This was our first hackathon. We'd been very interesting in taking part in one - waiting for the alignment of interesting subject matter, free weekend and a challenging brief.

Our Methodology

Our original plan was to implement some intersting and/or novel part of the GreenRWA specification, in particular we had an interest in investigation of ways in which a bank might differentiate between corporations within the same industry and geographical sectors, but whose environmental performance was markedly different.

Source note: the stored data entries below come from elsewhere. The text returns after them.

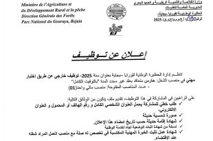وزارة الفلاحة والتنمية الريفية والصيد البحري المديرية العامة للغابات الحظيرة الوطنية لقورايا – بجاية – ads إعلان عن توظيف تنظم إدارة الحظيرة الوطنية لقورايا -بجاية- بعنوان سنة 2025، توظيف خارجي عن طريق اختبار مهني في منصب الشغل: حارس متعاقد بعقد غير محدد المدة “بالتوقيت …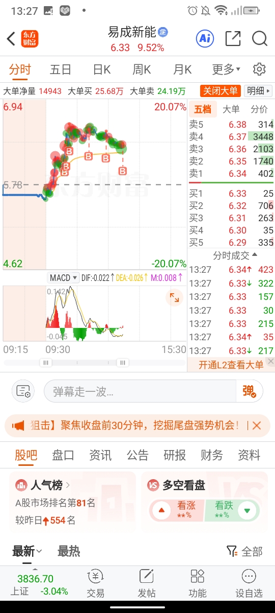 温馨提示: 1.根据《证券法》规定,禁止编造、传播虚假信息或者误导性信息,扰乱证券市场;2.用户在本社区发表的所有资料、言论等仅代表个人观点,与本网站立场无关,不对您构成任何投资建议。用户应基于自己的独立判断,自行决定证券投资并承担相应风险。《东方财富社区管理规定》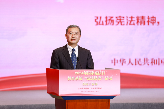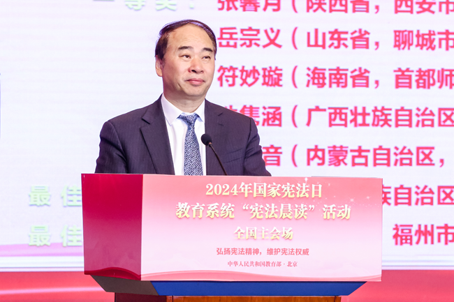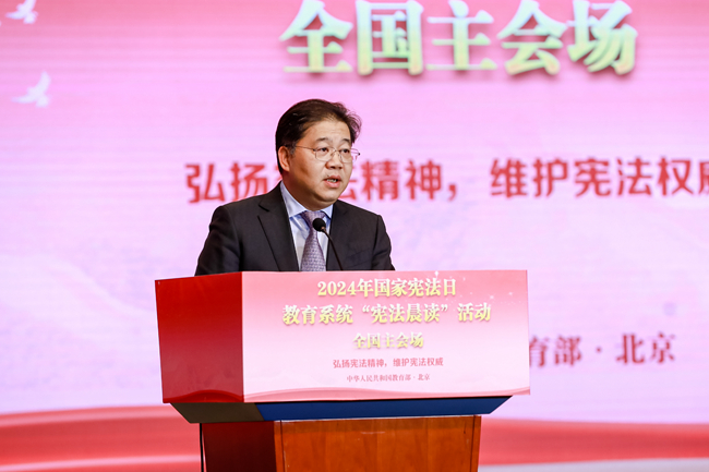 12月4日是第十一个国家宪法日。当天上午,2024年国家宪法日教育系统“宪法晨读”活动在2026年国际足联世界杯国际会议中心全国青少年学生法治教育实践示范基地举行。教育部党组成员、副部长熊四皓现场领读宪法部分条款并讲话。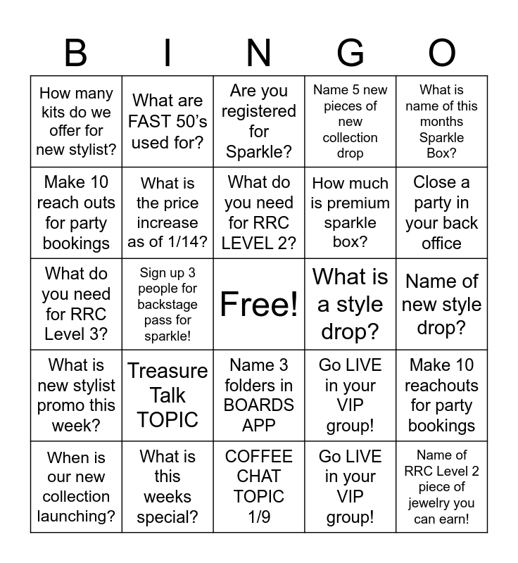 This bingo card has a free space and 24 words: Treasure Talk TOPIC, What is this weeks special?, What do you need for RRC LEVEL 2?, When is our new collection launching?, What is name of this months Sparkle Box?, How many kits do we offer for new stylist?, Make 10 reach outs for party bookings, What are FAST 50’s used for?, What is a style drop?, Name 3 folders in BOARDS APP, How much is premium sparkle box?, What do you need for RRC Level 3?, Go LIVE in your VIP group!, Make 10 reachouts for party bookings, What is the price increase as of 1/14?, Go LIVE in your VIP group!, Name of new style drop?, Are you registered for Sparkle?, Close a party in your back office, Sign up 3 people for backstage pass for sparkle!, Name of RRC Level 2 piece of jewelry you can earn!, What is new stylist promo this week?, Name 5 new pieces of new collection drop and COFFEE CHAT TOPIC 1/9.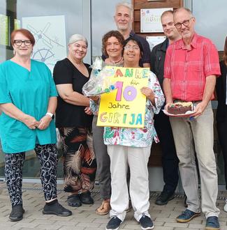 Vor zehn Jahren wurde in der Kindertagesstätte Saalmühle ein wichtiger Schritt in Richtung gelebter Inklusion getan: Mit Unterstützung der damaligen WFB Fertigung & Service GmbH entstand ein Außenarbeitsplatz für eine Mitarbeiterin mit Beeinträchtigung. Heute feiert die Einrichtung gemeinsam mit Vertreter*innen von in.arbeit die erfolgreiche Zusammenarbeit sowie das zehnjährige Jubiläum von Girija Heitmüller.

We identified the Advanced Model section in the "How banks can save the world" paper ( pg.11 https://www.dropbox.com/s/hciotzcamp7c0fs/How%20banks%20can%20save%20the%20planet%20-%20clean.pdf?dl=0) as an area of interst. This section describes how taxonomy eligible Capex for climate adaptation allows reduction of physical risk capital charge. We based our model of taxonomy eligibility on the EU TEG Taxonomy cited in the references of this paper (https://ec.europa.eu/info/files/200309-sustainable-finance-teg-final-report-taxonomy_en)

Industry Sector

We looked for an industry sector where the idiosyncratic environmental performance of one company could differentiate it markedly from another, and an industry sector that had significant climate impact. The industry sector also had to be present in the TEG Taxonomy. We chose cement manufacture for it's high climate impact. Our suspicions regarding differences in environmental performance were borne out in our findings on Co2 Per Tonne of Cement per company (see Benchmarking and tracking below).

Mock Loan Book

We created a mock loan book consisting mostly of Cement manufacturers, with company name, bio (scraped from Wikipedia), and a hypothetical loan amount. This can be found in the Building Sector Loan book spreadsheet within this Git Repo.

Initial findings & pivot

We quickly found that input data for use in such a model was not trivial to acquire. We looked for capex expenditure on projects, duration, expected yield and so on. Information on climate related capex was very hard to come by, was buried in lengthy company reports and was patchy at best.

We also attempted to extract data from standardised reports but found that even when the question set is consistent the interpretation of those questions varies wildly (e.g. In their CDP disclosures Cemex claimed to derive 51% of their revenue from low carbon products (https://www.cemex.com/documents/45903740/45904946/InvestorCdpCemex2019.pdf/6a0a4d39-fe45-02b0-1f66-72e24c1963c5) and LafargeHolcim reports 27% (https://www.lafargeholcim.com/sites/lafargeholcim.com/files/atoms/files/lafargeholcim_cdp_climate_change_2020.pdf) yet the environmental performance of the latter far exceeds the former (measured by Co2 Per Tonne of Cementious Material - Cemex 0.89 tonnes of Co2 Per Tonne of Cement, LaFargeHolcim 0.58 tonnes)).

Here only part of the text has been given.